CTスキャン検査、MRIなどの画像検査も用いる場合があります。

腎臓病の治療

 検査結果をもとに、どのような治療をしていくか主治医が判断します。治療には生活指導、食事療法、薬物治療、透析療法、腎移植、泌尿器科的治療などがあり、外科的手術が必要になる場合もあります。病気の種類や進行具合によって治療法も異なります。  
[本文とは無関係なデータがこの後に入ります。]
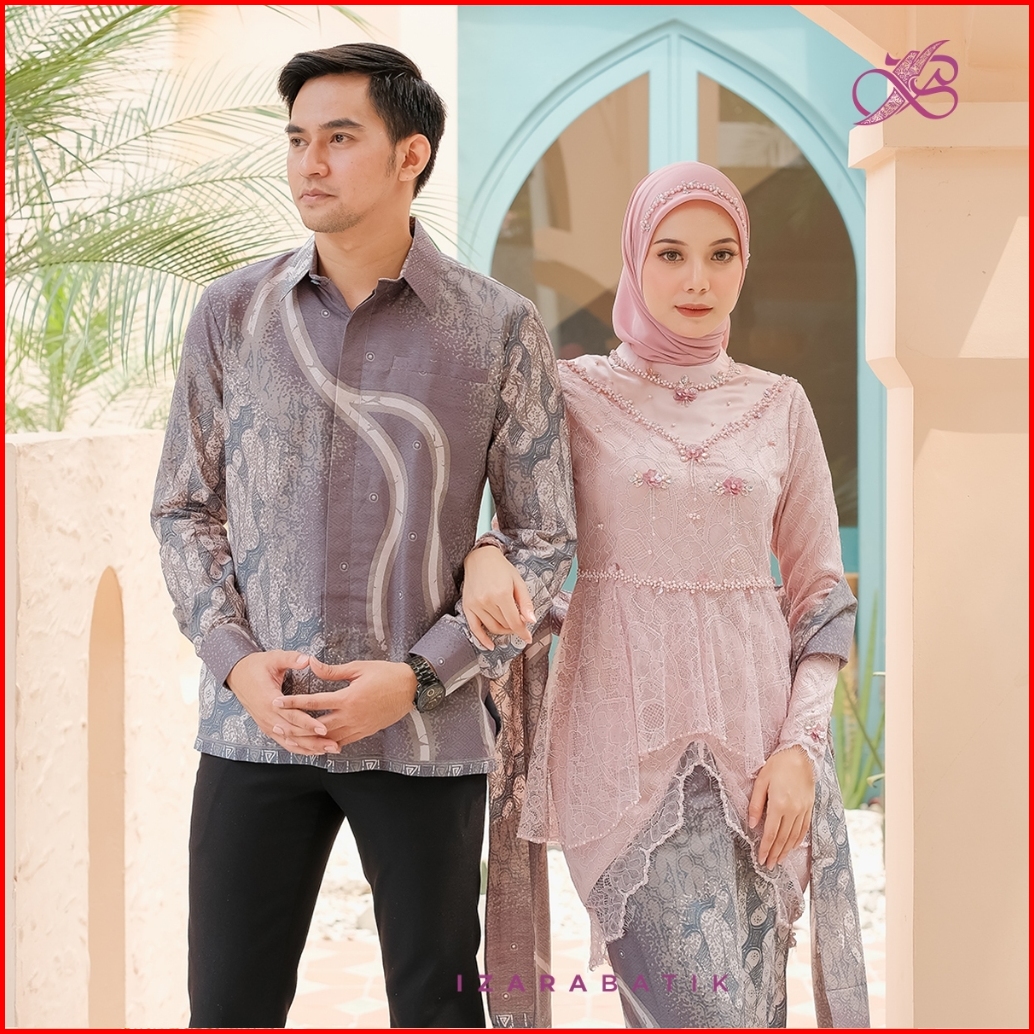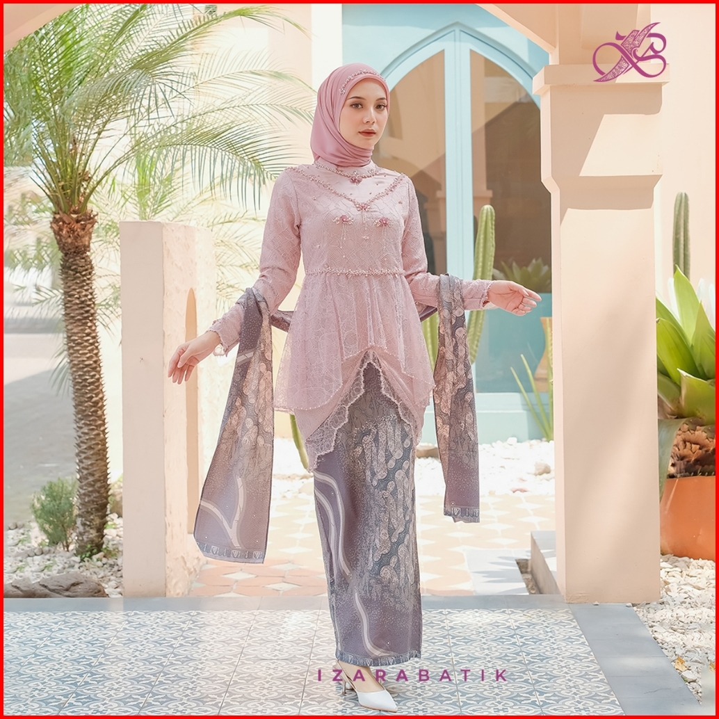Izarabatik - Shea Dusty Set Kebaya Batik Modern Couple Wisuda Lamaran Full Payet Tunangan Kondangan Bridesmaid

 ほとんどの場合、薬物療法が治療の中心となりますが、並行して食事療法が重要視されます。食べるものにより、腎臓に過剰な負担をかけたり、機能の低下を招くことがあるので、食事療法はとても重要なのです。

食事療法

 腎臓病の食事療法において基本条件のひとつで守らなければならないのが塩分の制限です。なぜ塩分の制限が必要なのかといいますと、腎臓は血圧調整にかかわる臓器のひとつで、腎臓が悪くなると高血圧になりやすくなります。高血圧の状態になると、腎機能がさらに悪化するので塩分を制限して、高血圧になるのを防ぐのです。  

 食事の制限は病気の種類や急性期、回復期などによっても異なるので、医師や栄養士の指示どおりにします。腎臓の働きは、年齢が高くなるにつれて低下しますが、腎機能が長く保持できる生活を計画的に行います。特に成人の腎臓病は完治することが少ないため、完治しなくても病気の進行を食い止め、腎不全にならないように気をつけなくてはなりません。全ての病気にいえることですが、生活習慣の改善をすることはなかなか簡単にはいきませんが、しかしながら生活習慣の改善なくして健康はありません。今日からご自分の尿をチェックして下さい。

 

腎炎の予防に・・・
解毒作用、利尿作用のある食品

●小豆…解毒作用や利尿効果でむくみを解消

●すいか…利尿効果抜群で、解熱作用もあり炎症を抑える

●とうがん…利尿作用に優れ、ビタミンCやカリウムが豊富

●にがうり…利尿作用があり、長寿の沖縄の代表的な料理、「ゴーヤチャンプルー」などでいただくとおいしい。